───── Records for this task ─────

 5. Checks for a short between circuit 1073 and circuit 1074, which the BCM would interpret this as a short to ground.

─────
───── Records for this task ─────

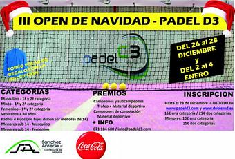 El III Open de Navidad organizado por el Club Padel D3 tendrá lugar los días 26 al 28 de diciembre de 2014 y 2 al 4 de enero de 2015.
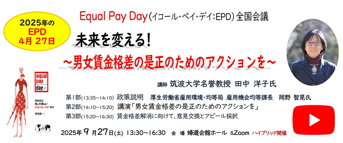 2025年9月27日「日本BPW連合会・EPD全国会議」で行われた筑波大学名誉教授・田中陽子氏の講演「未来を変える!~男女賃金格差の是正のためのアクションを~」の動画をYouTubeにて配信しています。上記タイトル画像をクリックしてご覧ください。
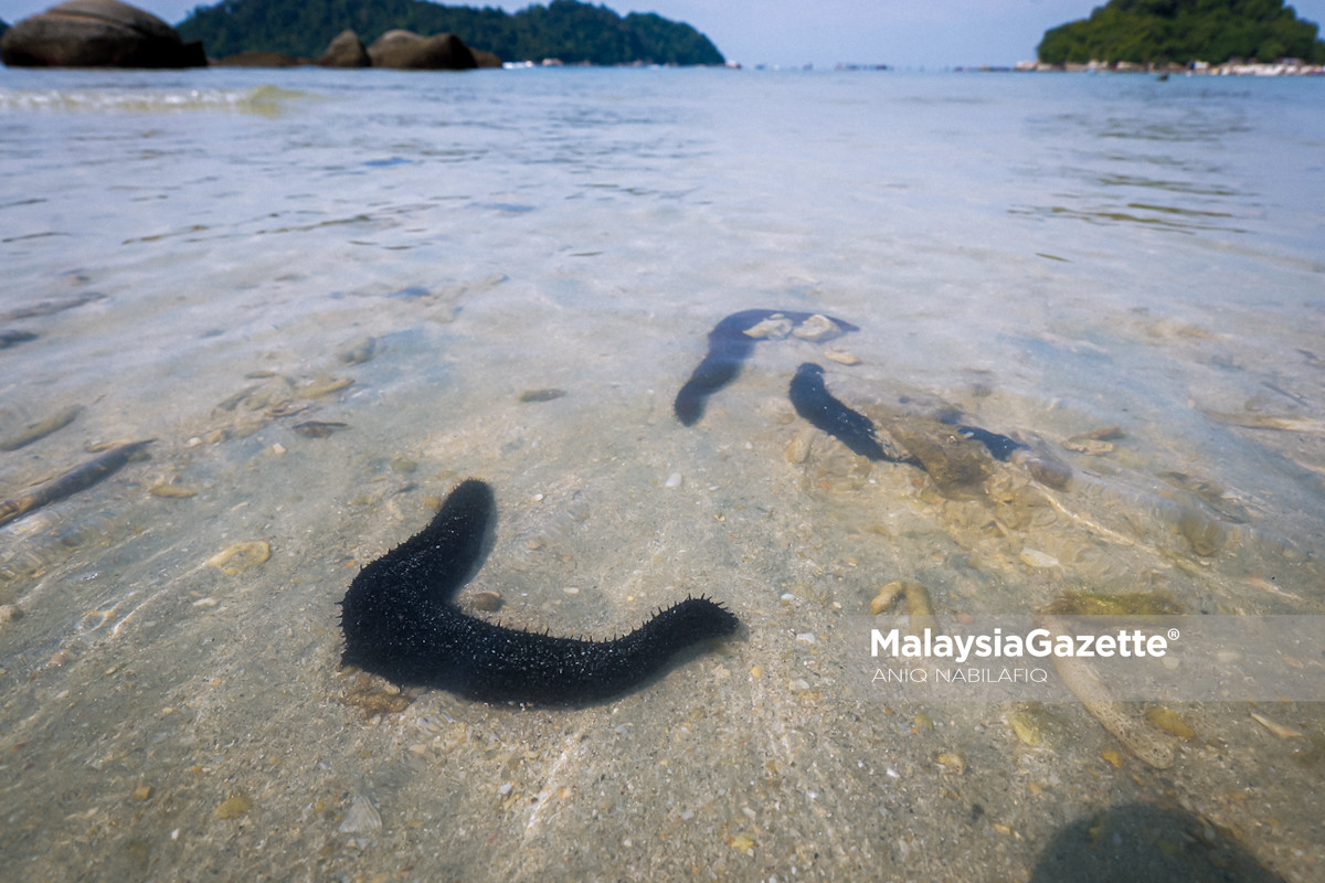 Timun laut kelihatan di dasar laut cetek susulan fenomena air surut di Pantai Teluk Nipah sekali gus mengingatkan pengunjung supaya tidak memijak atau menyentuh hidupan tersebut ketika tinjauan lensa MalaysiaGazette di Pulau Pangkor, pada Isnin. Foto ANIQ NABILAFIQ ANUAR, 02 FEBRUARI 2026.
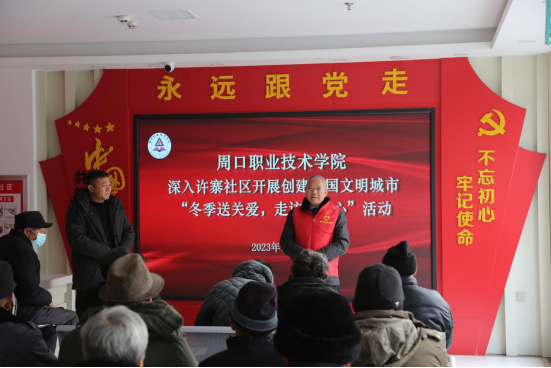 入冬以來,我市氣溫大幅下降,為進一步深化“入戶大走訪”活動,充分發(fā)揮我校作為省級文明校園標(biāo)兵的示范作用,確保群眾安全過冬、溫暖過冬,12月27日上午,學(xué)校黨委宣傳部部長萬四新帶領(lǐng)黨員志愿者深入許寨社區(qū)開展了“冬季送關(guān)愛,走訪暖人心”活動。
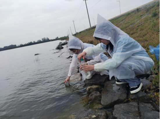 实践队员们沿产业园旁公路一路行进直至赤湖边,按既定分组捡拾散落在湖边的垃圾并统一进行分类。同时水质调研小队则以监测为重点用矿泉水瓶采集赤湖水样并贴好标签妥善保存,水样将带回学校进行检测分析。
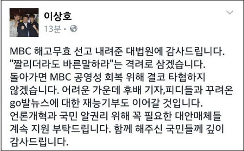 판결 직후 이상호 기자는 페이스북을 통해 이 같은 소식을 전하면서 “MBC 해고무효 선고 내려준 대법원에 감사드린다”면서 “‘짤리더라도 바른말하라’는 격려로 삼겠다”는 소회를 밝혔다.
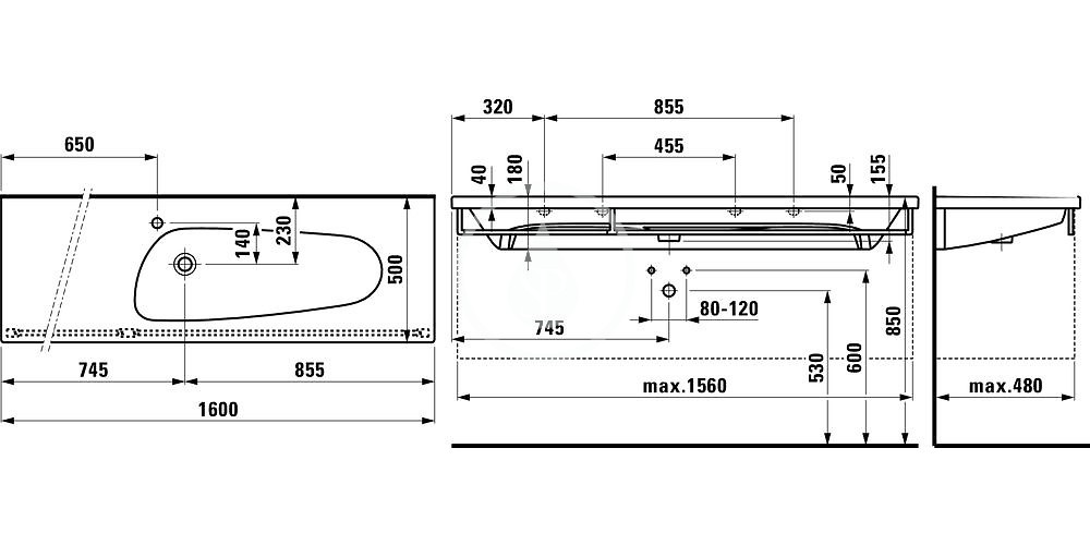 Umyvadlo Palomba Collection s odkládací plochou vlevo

─────

# Exercise description
Lines from the one above containing "2025年9月27日「日本B" down to the one containing "Umyvadlo Palomba Collection" should be transcribed exactly, with both ends kept and no pictures.

# Answer for the task
 2025年9月27日「日本BPW連合会・EPD全国会議」で行われた筑波大学名誉教授・田中陽子氏の講演「未来を変える!~男女賃金格差の是正のためのアクションを~」の動画をYouTubeにて配信しています。上記タイトル画像をクリックしてご覧ください。
 Timun laut kelihatan di dasar laut cetek susulan fenomena air surut di Pantai Teluk Nipah sekali gus mengingatkan pengunjung supaya tidak memijak atau menyentuh hidupan tersebut ketika tinjauan lensa MalaysiaGazette di Pulau Pangkor, pada Isnin. Foto ANIQ NABILAFIQ ANUAR, 02 FEBRUARI 2026.
 入冬以來,我市氣溫大幅下降,為進一步深化“入戶大走訪”活動,充分發(fā)揮我校作為省級文明校園標(biāo)兵的示范作用,確保群眾安全過冬、溫暖過冬,12月27日上午,學(xué)校黨委宣傳部部長萬四新帶領(lǐng)黨員志愿者深入許寨社區(qū)開展了“冬季送關(guān)愛,走訪暖人心”活動。
 实践队员们沿产业园旁公路一路行进直至赤湖边,按既定分组捡拾散落在湖边的垃圾并统一进行分类。同时水质调研小队则以监测为重点用矿泉水瓶采集赤湖水样并贴好标签妥善保存,水样将带回学校进行检测分析。
 판결 직후 이상호 기자는 페이스북을 통해 이 같은 소식을 전하면서 “MBC 해고무효 선고 내려준 대법원에 감사드린다”면서 “‘짤리더라도 바른말하라’는 격려로 삼겠다”는 소회를 밝혔다.
 Umyvadlo Palomba Collection s odkládací plochou vlevo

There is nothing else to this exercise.